S.N. Brakkee1,2
1 Utrecht University; 2Rijkswaterstaat
* Corresponding author: silke.brakkee@rws.nl
Introduction
Maintaining good water quality in the North Sea is essential for safeguarding marine ecosystem functioning. Phytoplankton play a fundamental role as primary producers, forming the base of the marine food web. However, excessive phytoplankton growth may indicate eutrophication and can negatively affect overall ecosystem health (Berdalet et al., 2017).
Seasonal stratification, characterised by the formation of a thermocline, structures the water column and influences nutrient transport and oxygen dynamics.

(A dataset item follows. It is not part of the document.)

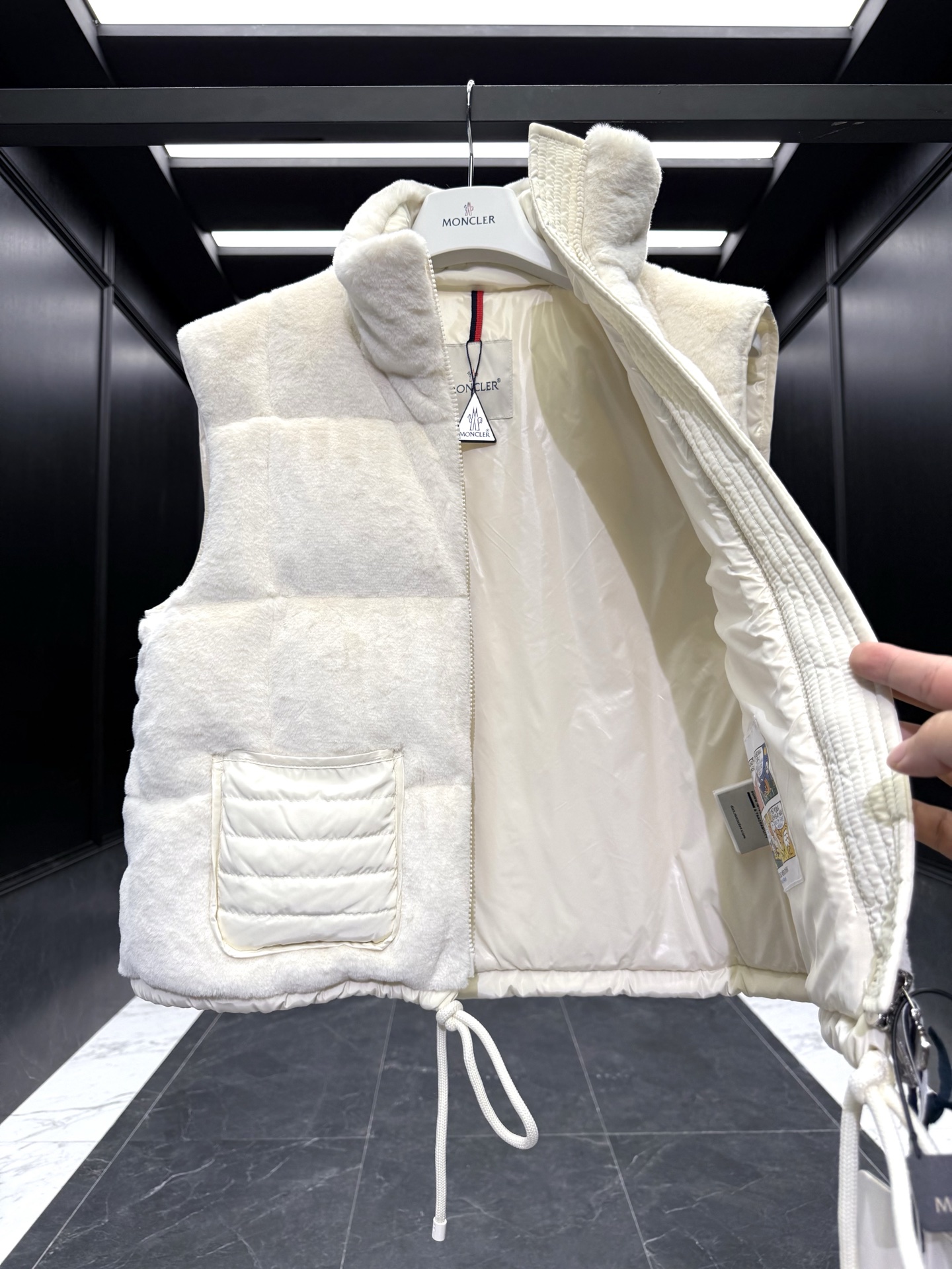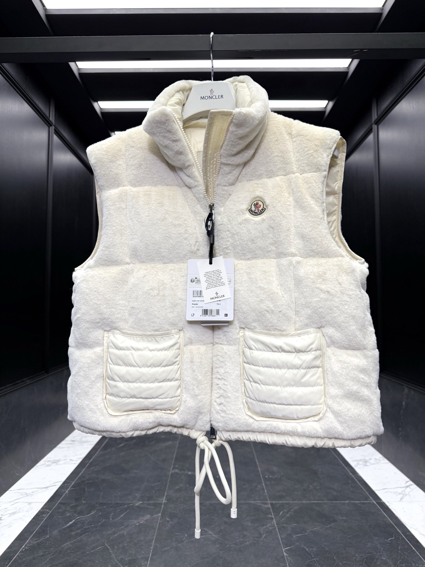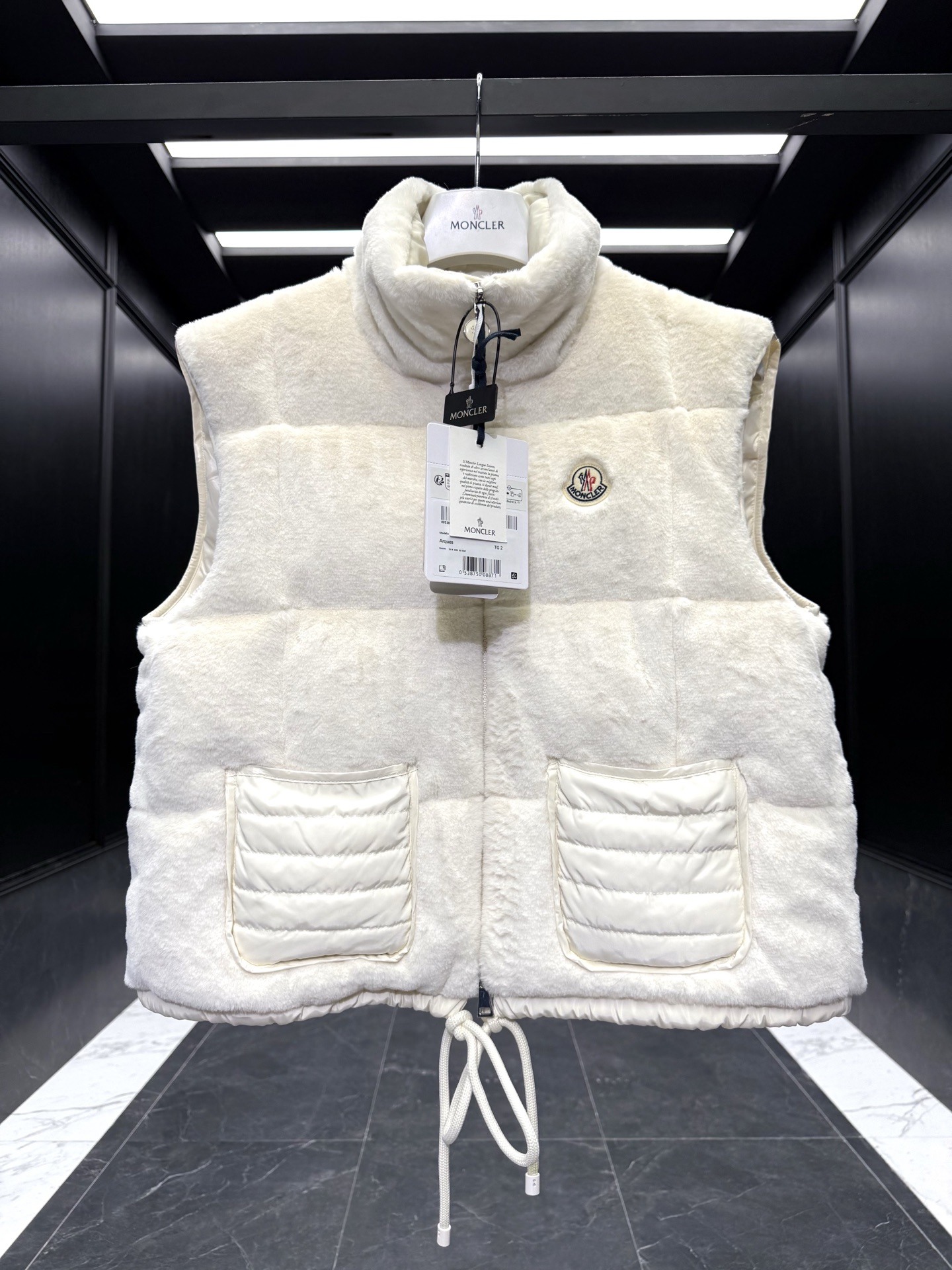 特级羽绒 Moncler Arques女士羽绒马甲 Arques女士羽绒马甲采用泰迪绒质地柔软面料制成 致敬风靡整个60年代的俏皮纹理

These processes, in turn, affect phytoplankton growth and vertical distribution (Soetaert & Middelburg, 2009; Dutiel et al., 2024). Understanding this relationship is therefore crucial for interpreting phytoplankton dynamics in the North Sea.
Rijkswaterstaat (RWS) is responsible for assessing the chemical status of Dutch marine waters. Under the Marine Strategy Framework Directive (KRM) and the OSPAR Convention, RWS is required to monitor and evaluate the eutrophication status. Chlorophyll-a concentrations and algal bloom occurrence are key indicators used to assess the ecosystem condition.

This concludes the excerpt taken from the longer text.